== Dataset excerpts ==
Segment Open

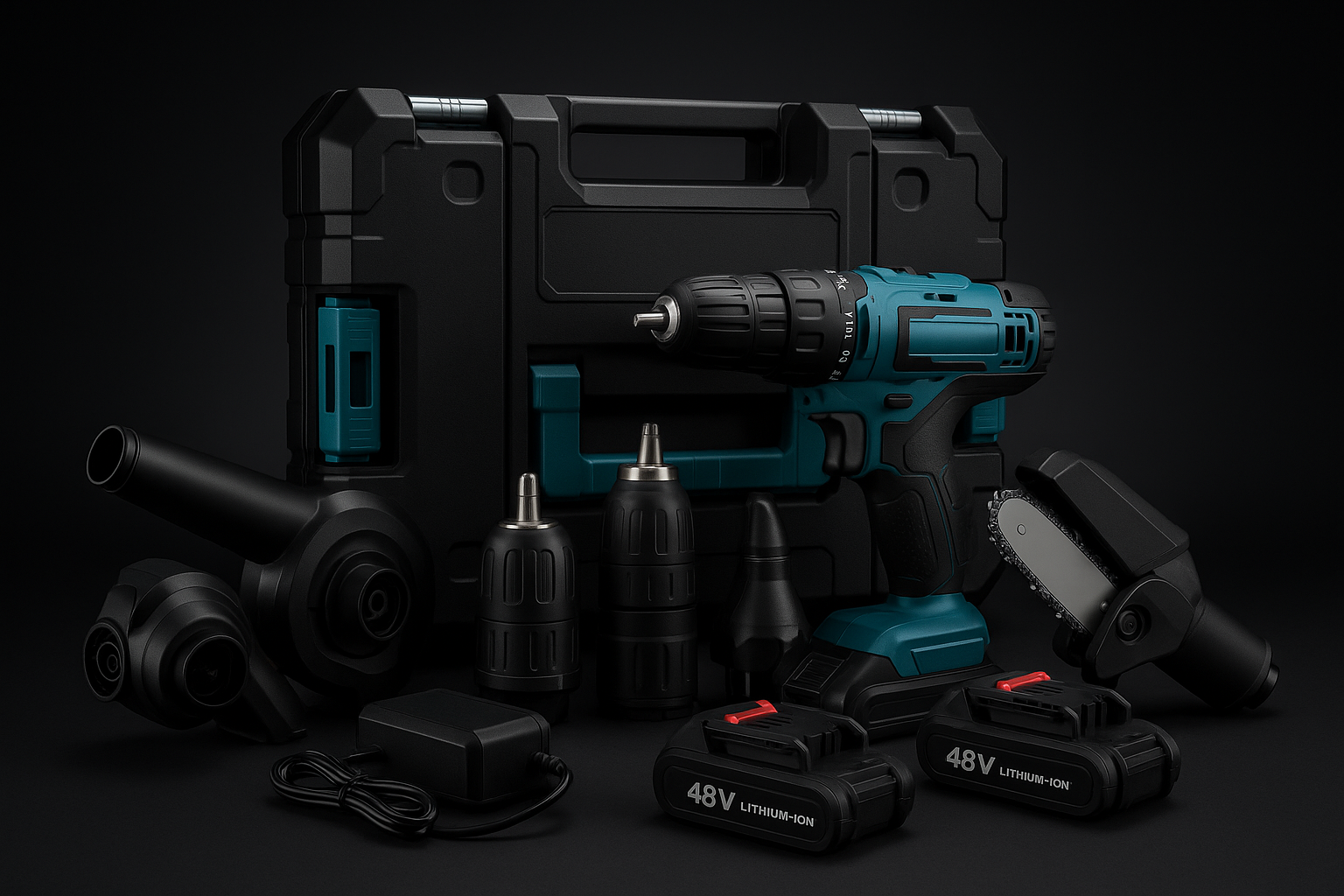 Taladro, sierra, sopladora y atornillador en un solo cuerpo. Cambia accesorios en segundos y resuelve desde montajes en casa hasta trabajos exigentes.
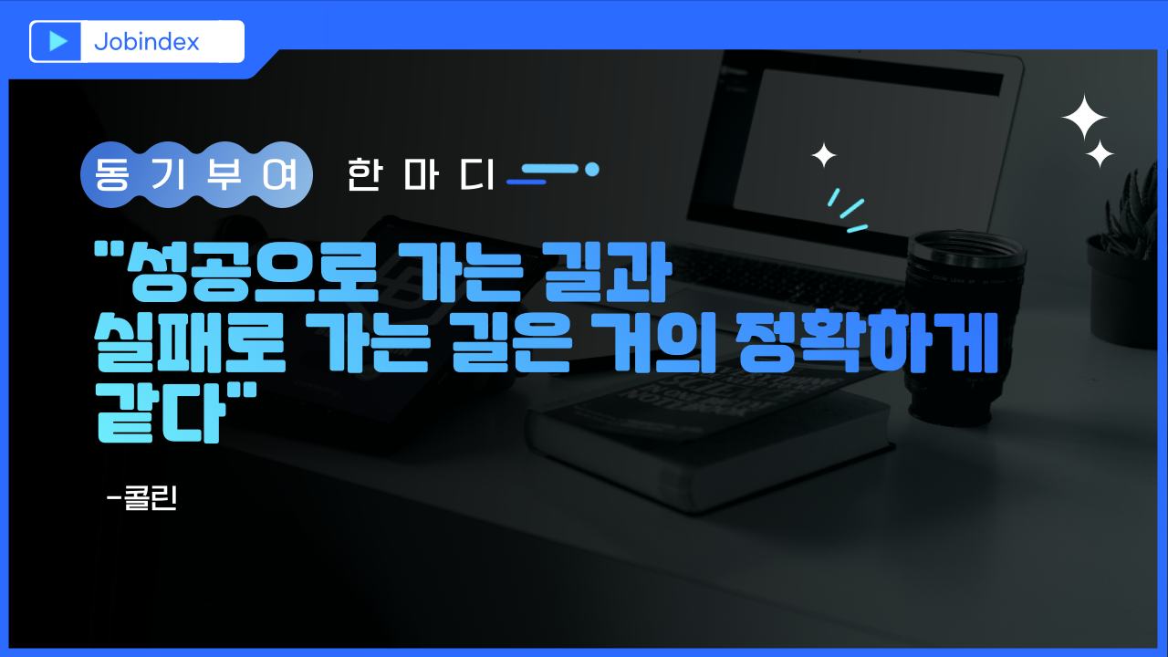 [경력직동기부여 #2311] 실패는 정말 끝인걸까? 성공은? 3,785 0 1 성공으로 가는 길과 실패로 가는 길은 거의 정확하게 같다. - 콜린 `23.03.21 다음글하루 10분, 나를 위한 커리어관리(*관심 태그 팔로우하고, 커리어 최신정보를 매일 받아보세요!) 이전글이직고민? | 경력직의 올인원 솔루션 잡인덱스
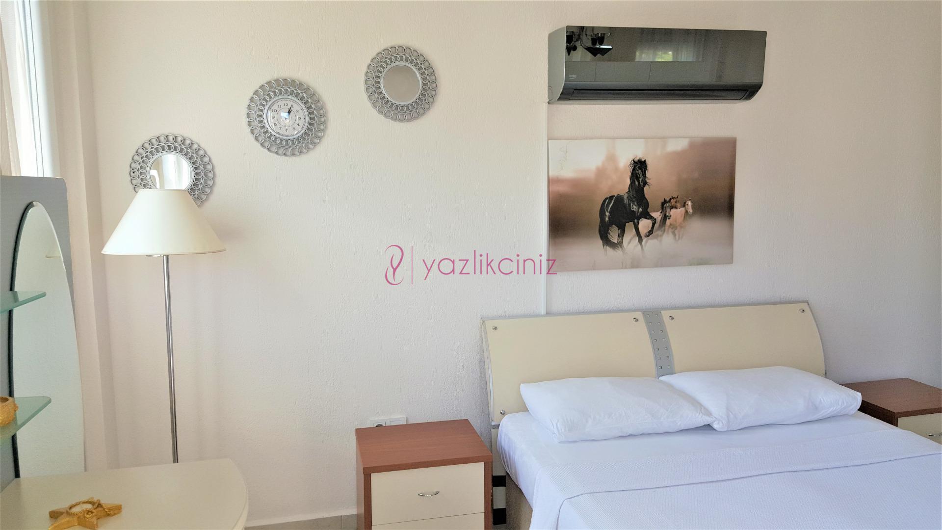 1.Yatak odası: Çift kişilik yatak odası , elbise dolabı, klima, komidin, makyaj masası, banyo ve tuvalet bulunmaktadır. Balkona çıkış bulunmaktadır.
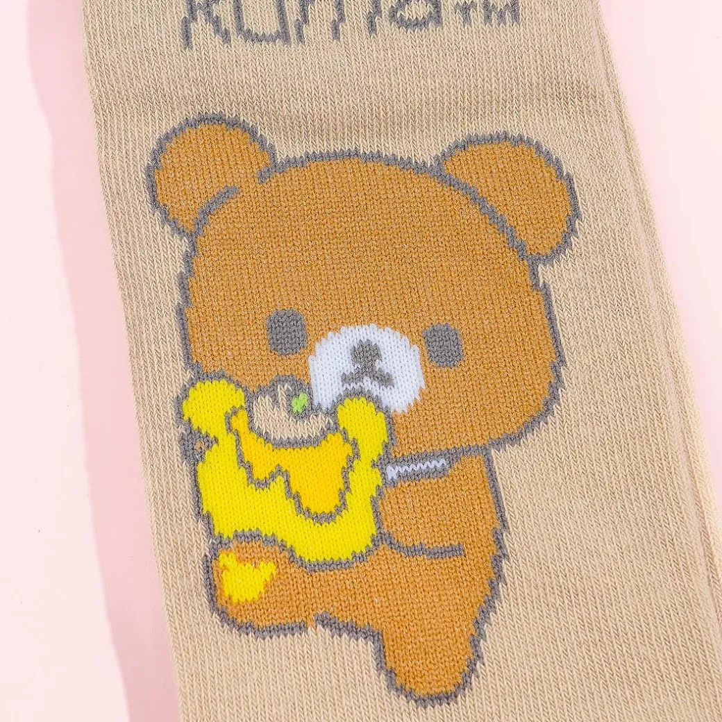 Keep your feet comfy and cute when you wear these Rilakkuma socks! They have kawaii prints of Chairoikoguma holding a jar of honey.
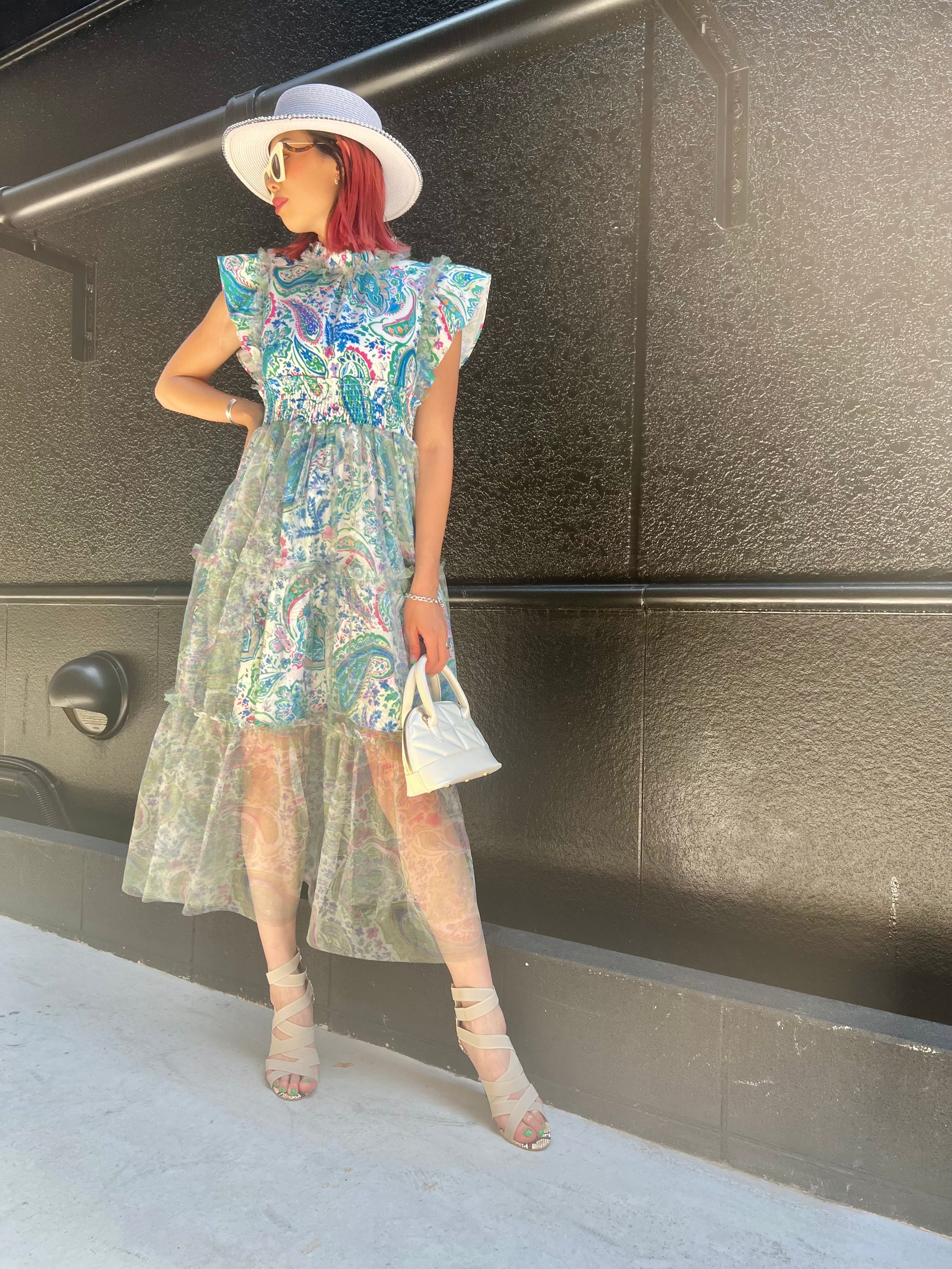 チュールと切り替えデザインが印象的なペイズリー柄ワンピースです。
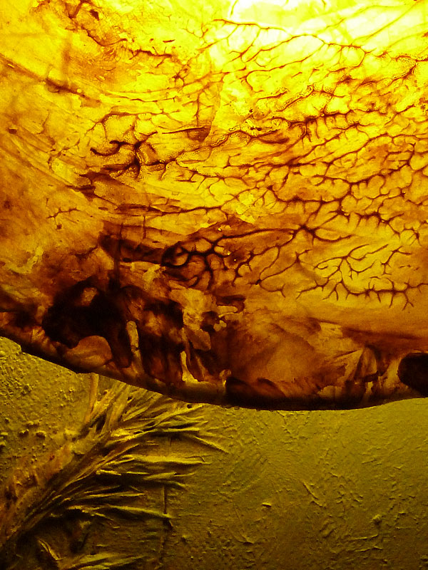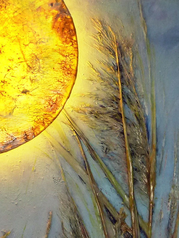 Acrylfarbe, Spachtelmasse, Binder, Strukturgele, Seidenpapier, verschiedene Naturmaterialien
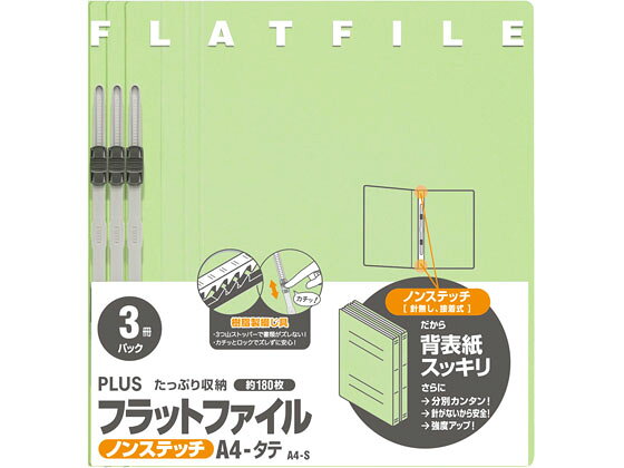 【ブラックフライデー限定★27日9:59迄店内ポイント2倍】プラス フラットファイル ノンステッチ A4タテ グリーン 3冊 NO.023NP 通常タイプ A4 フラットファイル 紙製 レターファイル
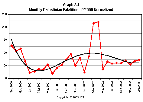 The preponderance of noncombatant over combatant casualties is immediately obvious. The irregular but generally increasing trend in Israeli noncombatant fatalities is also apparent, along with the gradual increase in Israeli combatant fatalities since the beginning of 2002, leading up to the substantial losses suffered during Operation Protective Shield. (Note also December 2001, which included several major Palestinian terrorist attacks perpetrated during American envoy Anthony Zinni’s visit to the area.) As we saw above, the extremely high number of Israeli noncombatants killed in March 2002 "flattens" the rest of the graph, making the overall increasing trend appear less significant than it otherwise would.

Segment Closed

== Problem to work on ==
Leave out the pictures and reproduce the rest of the records exactly.

== Answer space ==
 Taladro, sierra, sopladora y atornillador en un solo cuerpo. Cambia accesorios en segundos y resuelve desde montajes en casa hasta trabajos exigentes.
 [경력직동기부여 #2311] 실패는 정말 끝인걸까? 성공은? 3,785 0 1 성공으로 가는 길과 실패로 가는 길은 거의 정확하게 같다. - 콜린 `23.03.21 다음글하루 10분, 나를 위한 커리어관리(*관심 태그 팔로우하고, 커리어 최신정보를 매일 받아보세요!) 이전글이직고민? | 경력직의 올인원 솔루션 잡인덱스
 1.Yatak odası: Çift kişilik yatak odası , elbise dolabı, klima, komidin, makyaj masası, banyo ve tuvalet bulunmaktadır. Balkona çıkış bulunmaktadır.
 Keep your feet comfy and cute when you wear these Rilakkuma socks! They have kawaii prints of Chairoikoguma holding a jar of honey.
 チュールと切り替えデザインが印象的なペイズリー柄ワンピースです。
 Acrylfarbe, Spachtelmasse, Binder, Strukturgele, Seidenpapier, verschiedene Naturmaterialien
 【ブラックフライデー限定★27日9:59迄店内ポイント2倍】プラス フラットファイル ノンステッチ A4タテ グリーン 3冊 NO.023NP 通常タイプ A4 フラットファイル 紙製 レターファイル
 The preponderance of noncombatant over combatant casualties is immediately obvious. The irregular but generally increasing trend in Israeli noncombatant fatalities is also apparent, along with the gradual increase in Israeli combatant fatalities since the beginning of 2002, leading up to the substantial losses suffered during Operation Protective Shield. (Note also December 2001, which included several major Palestinian terrorist attacks perpetrated during American envoy Anthony Zinni’s visit to the area.) As we saw above, the extremely high number of Israeli noncombatants killed in March 2002 "flattens" the rest of the graph, making the overall increasing trend appear less significant than it otherwise would.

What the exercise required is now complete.